- Born: 19 March 1990 (age 36) Dunfermline, Scotland
- Height: 1.56 m (5 ft 1 in)

Gymnastics career
- Discipline: Women's artistic gymnastics
- Country represented: Great Britain Scotland
- Club: City of Birmingham Gymnastics Club
- Head coach: Jody Kime
- Medal record
Women's artistic gymnastics
Representing Scotland
Northern European Championships
| Silver medal – second place | 2013 Lisburn | Team |
| Bronze medal – third place | 2013 Lisburn | Uneven bars |

= Emma White (gymnast) =

British artistic gymnast (born 1990)

Emma White (born 19 March 1990) is a British former artistic gymnast. She competed for Great Britain at the 2006 World Championships and for Scotland at the 2006 and 2014 Commonwealth Games. She won two medals at the 2013 Northern European Championships.

== Gymnastics career ==
White represented Scotland at the 2006 Commonwealth Games and finished 13th in the all-around final and sixth in the vault final. She won the vault title at the 2006 British Championships, and she finished eighth in the all-around and seventh on the floor exercise. She was then selected to compete for Great Britain at the 2006 World Championships in Aarhus, Denmark. She competed on the vault and floor exercise to help the team finish 11th in the qualification round.

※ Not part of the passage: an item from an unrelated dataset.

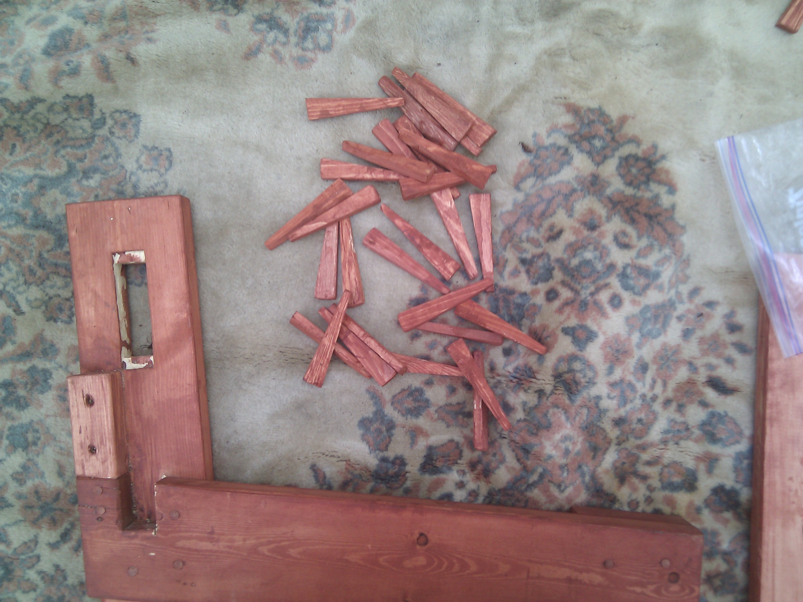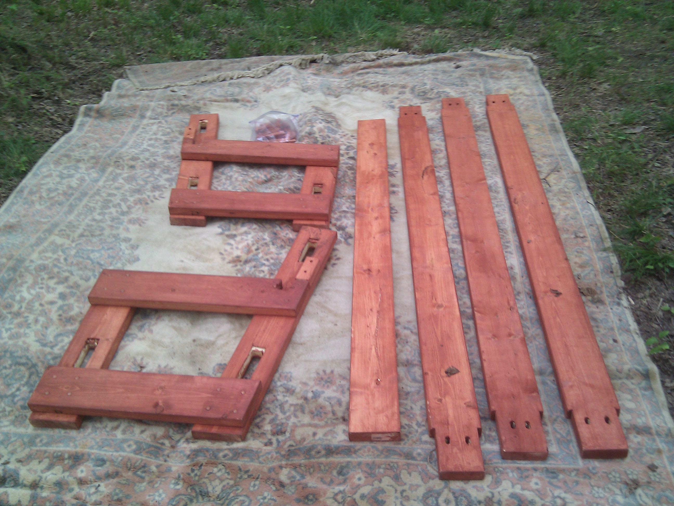 Here we are in the woods, getting ready to assemble the couches. I made two, but only photographed one. Here's the full set of parts at the start.

White was selected for Scotland's team for the 2010 Commonwealth Games, but she injured her knee in training and returned home for knee surgery. At the 2013 Northern European Championships, she won a silver medal with the Scottish team and a bronze medal on the uneven bars. Additionally, she finished fourth in the all-around competition. She won a bronze medal on the vault at the 2014 British Championships, behind Kelly Simm and Claudia Fragapane, and she finished 13th in the all-around.

White won the all-around, uneven bars, and balance beam titles at the 2014 Scottish Championships. She then represented Scotland at the 2014 Commonwealth Games. She led the Scottish team to a fifth-place finish. Individually, she qualified for the all-around final, where she finished tenth, and for the vault final, where she finished eighth. She announced her retirement from the sport after the competition.